Model fitting and evaluation of gains from semi-supervision

We compared the single-omics SSAE model to a corresponding unsupervised model to judge the suitability of our semi-supervised solution for reducing dimensions. This new model, called Unsupervised AE (USAE), had the same neural network structure as the SSAE model, but assigned zero weight to the supervised term of the cost function (i.e. α = 1). USAE can thus be seen as the autoencoder part of SSAE from which the 1LP has been cut out, and it was used to evaluate the value of having the semi-supervising term in the SSAE cost function. To ensure that the encoding performance of USAE was similar to SSAE, we trained USAE using the same configurations. We also ensured that the reconstruction performance of USAE achieved the same reconstruction performance as SSAE, i.e. the same MSE. To do so, we stopped the USAE training phase once the MSE had reached that of the corresponding SSAE model. Thus, the subspaces derived from SSAE and USAE reconstructed the omics input equally well, but the former was expected to be a subspace with stronger predictive potential for the target variables than the latter at an equal reconstruction quality of the omics data.

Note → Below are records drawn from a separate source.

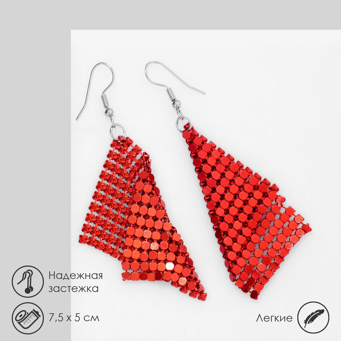 Серьги висячие «Ромб» диско, цвет красный в серебре, 7,5 см — Характеристики
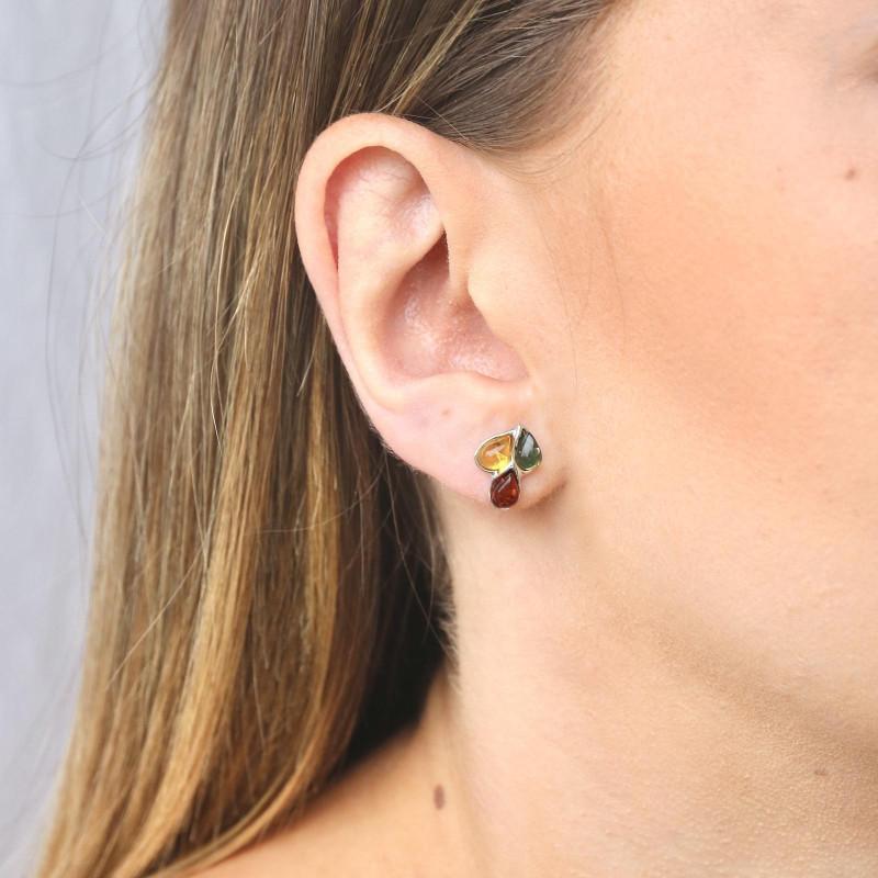 Boucles d'oreilles ambre multicolore/argent rhodié 925/1000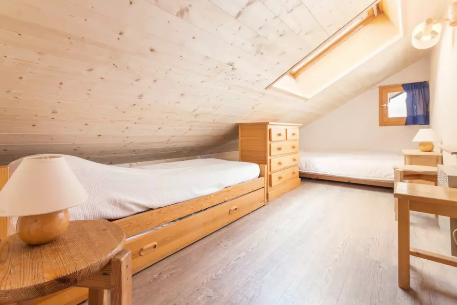 Its attic bedroom is equipped with 1 single bed + 1 double bed and separate toilet.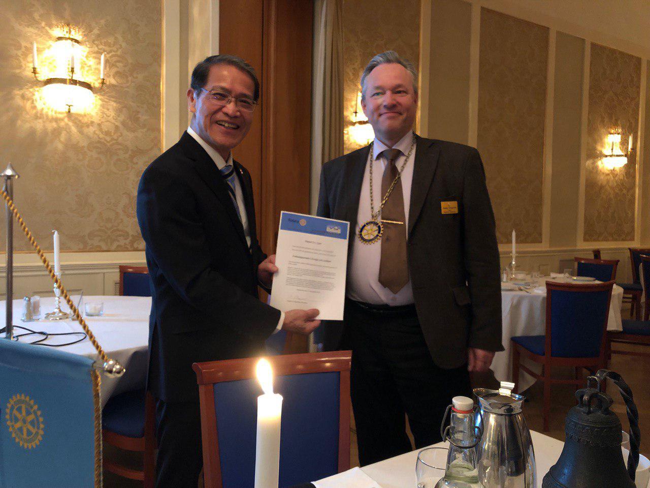 活動尾聲Stockholm-Vasaborgen扶輪社社長Anders Chrigström除感謝廖大使透過本次精彩演講讓社員了解臺灣外,亦頒贈扶輪社榮譽社員狀予廖大使。
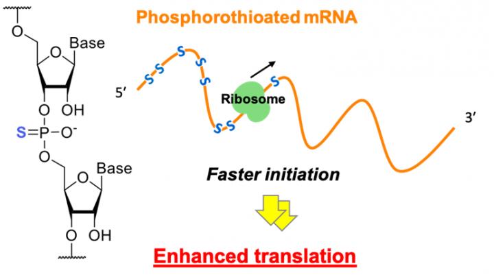 image: Phosphorothioate modification of mRNA increases the rate of translation initiation and the molecular designs for a high translation efficiency were optimized. This result provides a useful molecular design guideline for improving the translation quantity by chemical modification of mRNA.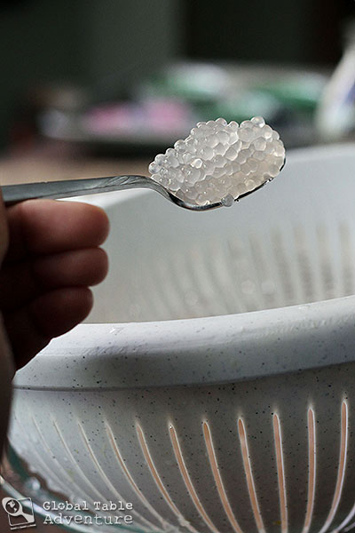 When the tapioca look like millions of fish eggs, drain and rinse thoroughly with cold water until the tapioca itself is completely cool.
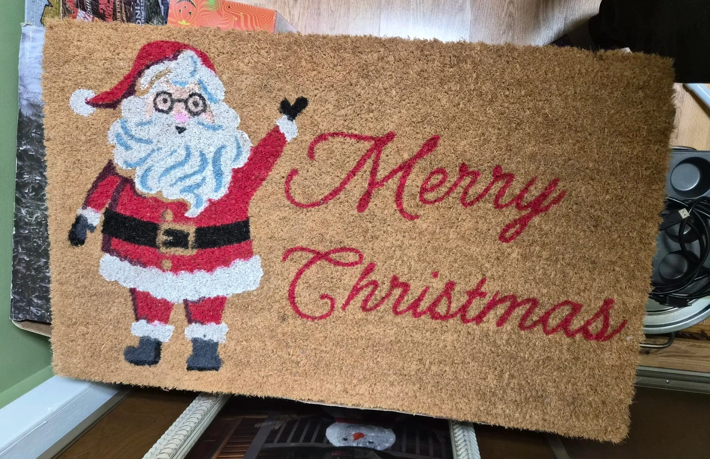 Welcome guests this holiday season with this festive doormat! It features a jolly Santa Claus illustration and the words 'Merry Christmas' in a script font. Made from durable coir material, it's perfect for greeting visitors at your doorstep. A great way to add some cheer to your home's entrance!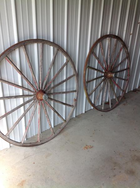 | Wheels are in good condition for their age, wood make good yard art |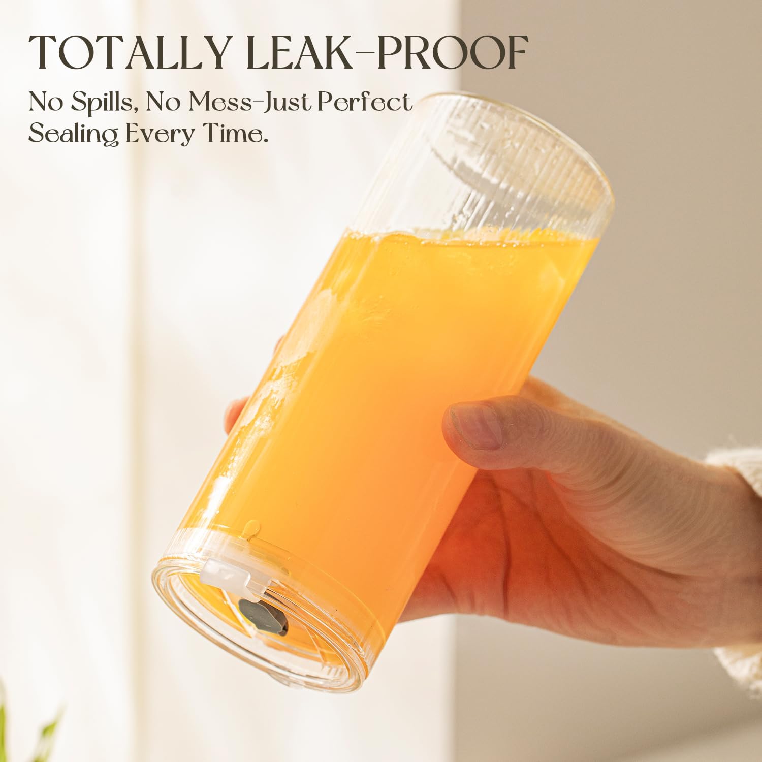 - 【Leakproof Lids for Spill-Free Drinking】 The silicone-sealed snap-on lids keep drinks secure, making these round drinking glasses ideal for travel, office, or outdoor use.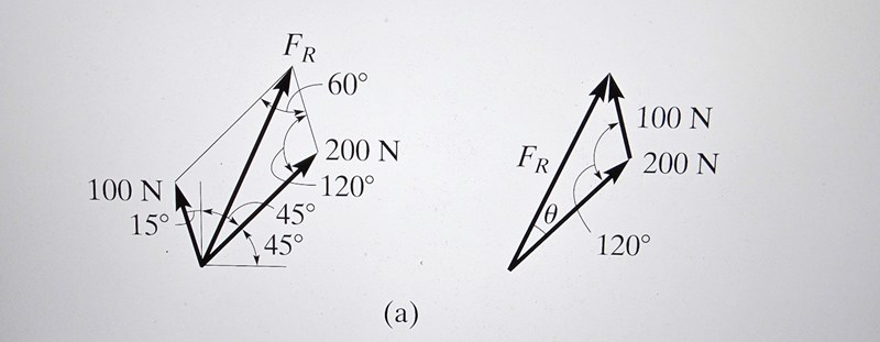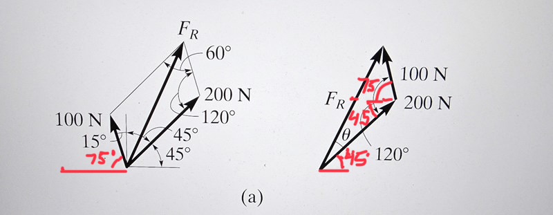 här är facit till uppgiften och jag fattar inte hur de får 120° mellan Fv och Fu. Jag fick den vinkeln till 110°.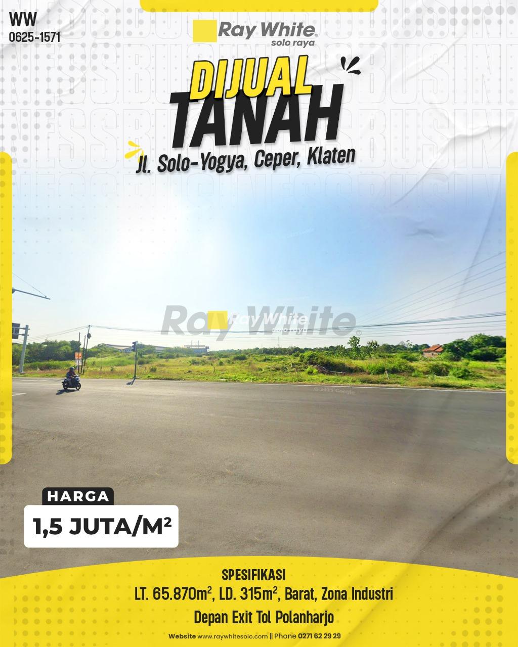 Keunggulan Lokasi di Kuncen, Ceper, Klaten: Tanah ini berlokasi sangat strategis di Jalan Solo-Yogya, Kuncen, Ceper, Klaten. Dengan luas mencapai 65.870m² dan lebar depan 315 meter, properti ini berada di zona industri dan persis di depan exit tol Polanharjo. Hal ini menjadikannya sangat ideal untuk pengembangan industri, logistik, atau investasi skala besar yang membutuhkan aksesibilitas tinggi dan infrastruktur yang mendukung.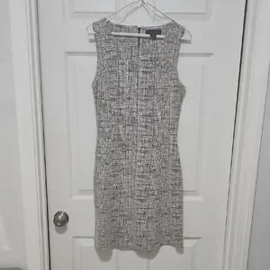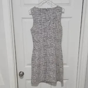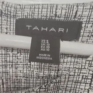 Elegant Tahari midi dress with a monochrome pattern. Sleeveless design for a sleek look.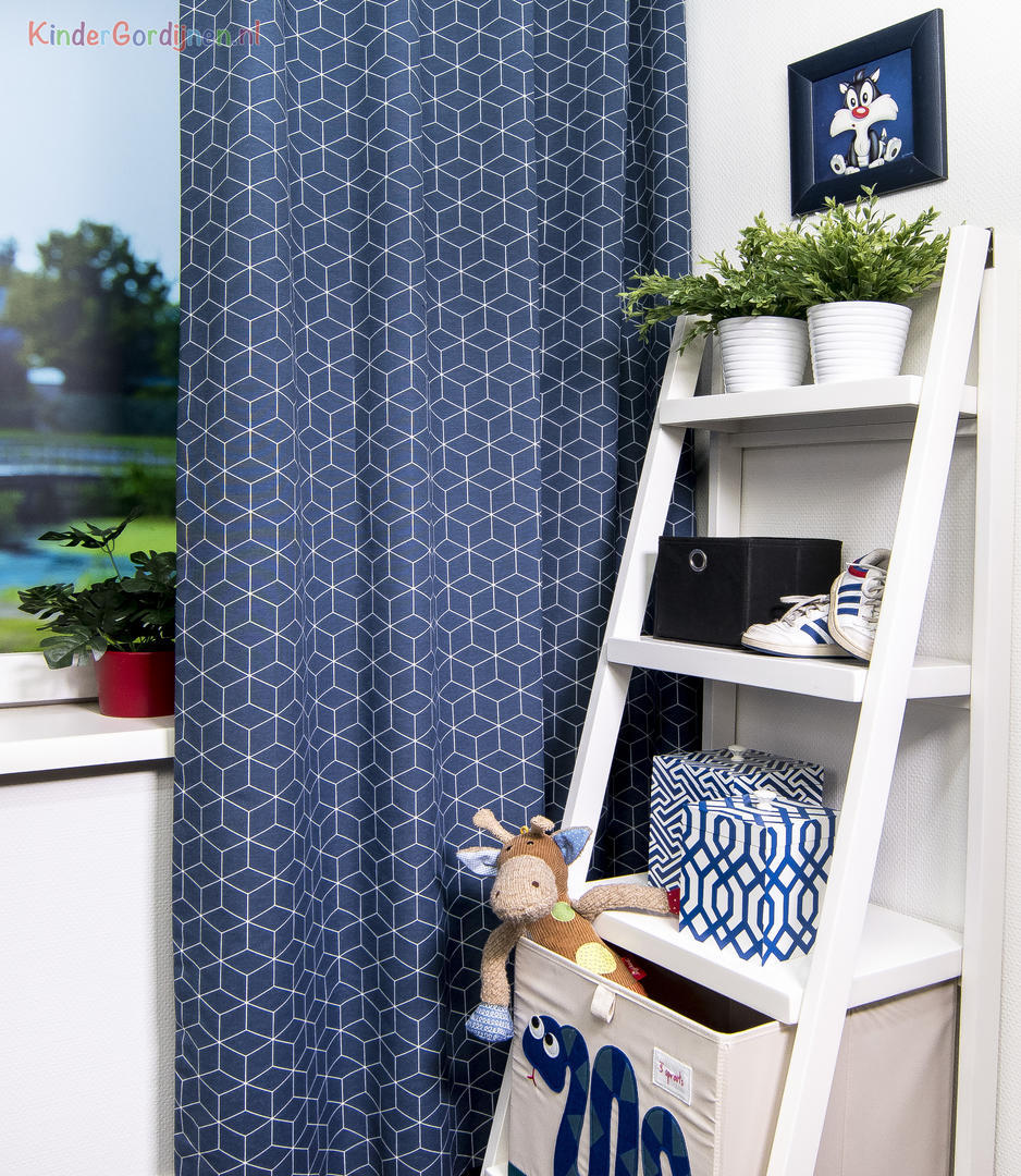 Geoblock Kindergordijn, dat is de naam van dit mooie gordijn. Het is een kindergordijn met allemaal vierkantjes (cubes) en het lijkt in de eeuwigheid door te gaan. Het kindergordijn is gemaakt van 100% katoen en is leverbaar in drie bijzondere kleuren. Dit kindergordijn kun je laten verduisteren zodat je in één keer klaar bent. Je kind kan nu heerlijk slapen in een donkere kamer. Maar als je het kindergordijn eerst wil zien en voelen dan bestel je een knipstaal en dan kun je het met eigen ogen zien. Dit is een tip van Jelmer! Hou jij ook zo van die wiskundige figuren?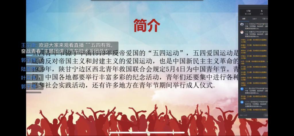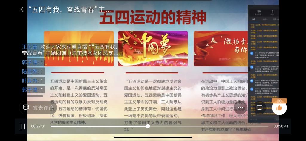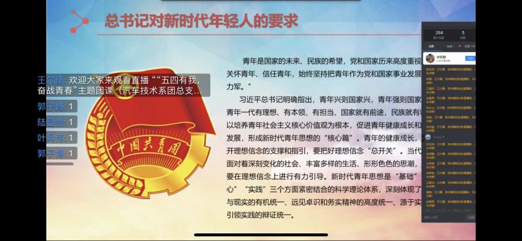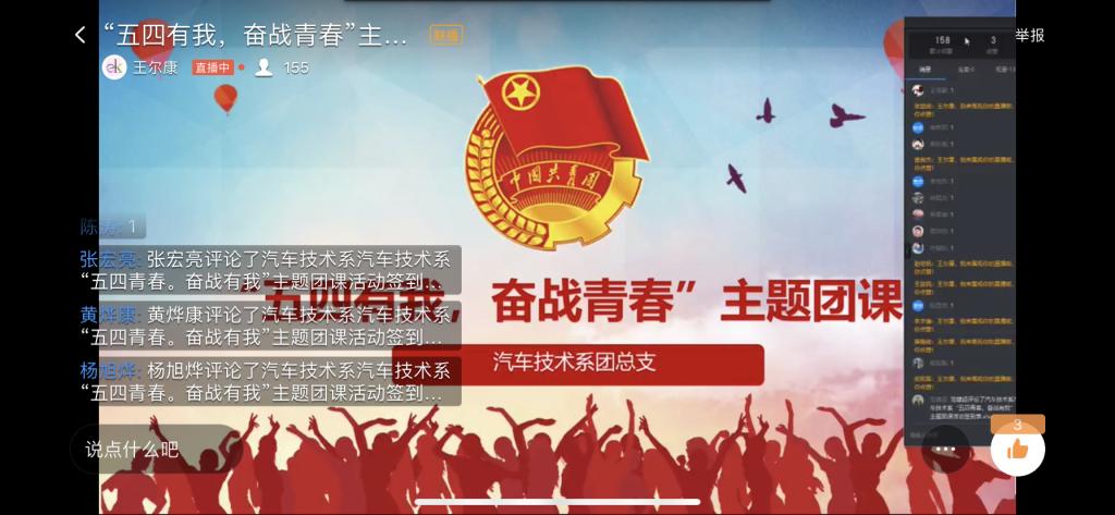 为了弘扬“五四”精神,纪念五四爱国运动101周年,放飞青春梦想,激励团员青年自觉担负起时代赋予的光荣使命,不断创造新的青春业绩,进一步营造健康积极向上的校园文化氛围,实现和谐校园、和谐社会而努力奋斗,5月4日,汽车技术系团总支利用五一放假时间组织全体青年团员利用钉钉直播平台开展了五四青年节主题微团课活动。活动由团总支书记王尔康老师主持,系部全体青年团员参加了此次活动。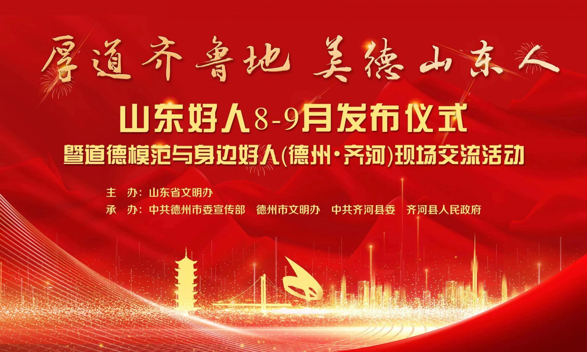 ▶ 今日17:15,“山东好人”8-9月发布仪式暨道德模范与身边好人(德州·齐河)现场交流活动将举行。(详情)
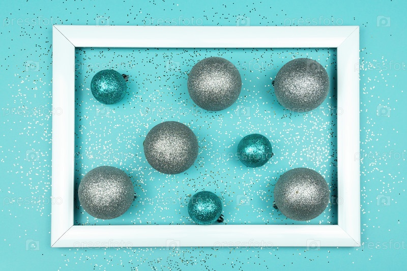 Рамка с рождественскими голубыми и серебряными безделушками. Праздничная открытка на новый год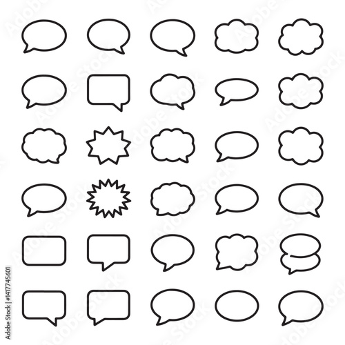 A vector set features various cartoon speech bubbles, including talk clouds and comic dialog balloons for chat and thought illustration

The tuned hyperparameters were the number of neurons on the hidden layer of the encoder (nh), the dropout rate (r), the size of the bottleneck layer (l), and the convexity parameter (α). The values of r tested ranged from 0.2 to 0.8 by 0.1, those of α from 0.1 to 0.9 by 0.1. Bottleneck layer dimensions were tested starting from 10 by steps of 10 and from 1 by steps of 1 for transcriptomic and metabolomic data, respectively. The number of neurons on the encoder hidden layer was varied from 25 by steps of 25 and from 5 by steps of 5 for transcriptomic and metabolomic data, respectively. Further tests were performed to capture possible performance gains using other activation functions and optimizers. Adam and LeakyReLU, coupled, showed good training performance; both were therefore kept.

Model fitting was performed using a batch size of 64 and a learning rate of 10–3. A large decay rate of 0.9 was chosen, and higher values (0.95 to 0.99) did not show substantial differences in dimension reduction performance from 0.9. One fifth of the training sample was used as a validation sample, consisting of 200 participants. The minimum number of epochs was set to 10 for transcriptomic data and 6 for metabolomic data, and the training procedure was stopped using a moving average of window size of 10 and 6 on the validation cost function, respectively. Therefore, if the validation cost at a given epoch did not improve the average validation cost of the past window epochs, the procedure stopped. The computation was performed with the Keras and Tensorflow modules on the R interface (https://tensorflow.rstudio.com/).

The best model for each omics was considered to be the one with the lowest number of parameters (bottleneck layer size and number of neurons) verifying the following constraints: 1) the encoded subspace reconstructed the input X from the corrupted input Xδ with an MSE lower than 0.015 for transcriptomic data and 0.25 for metabolomic data, and 2) the average correlation within the subspace components should not exceed 0.4 for transcriptomic data and 0.3 for metabolomic data. This procedure showed small differences in dimension reduction performance related to the r dropout rate on the cost function optimization; a moderate dropout rate r = 0.5 was therefore selected for metabolomics and transcriptomics data. The final and optimal architecture of the SSAE encoder consisted of 1) 150 neurons on the hidden layer and a bottleneck layer of size 50 for transcriptomic data, and 2) 55 neurons on the hidden layer and 6 neurons on the bottleneck layer for metabolomic data. The α parameter was 0.9 in both cases.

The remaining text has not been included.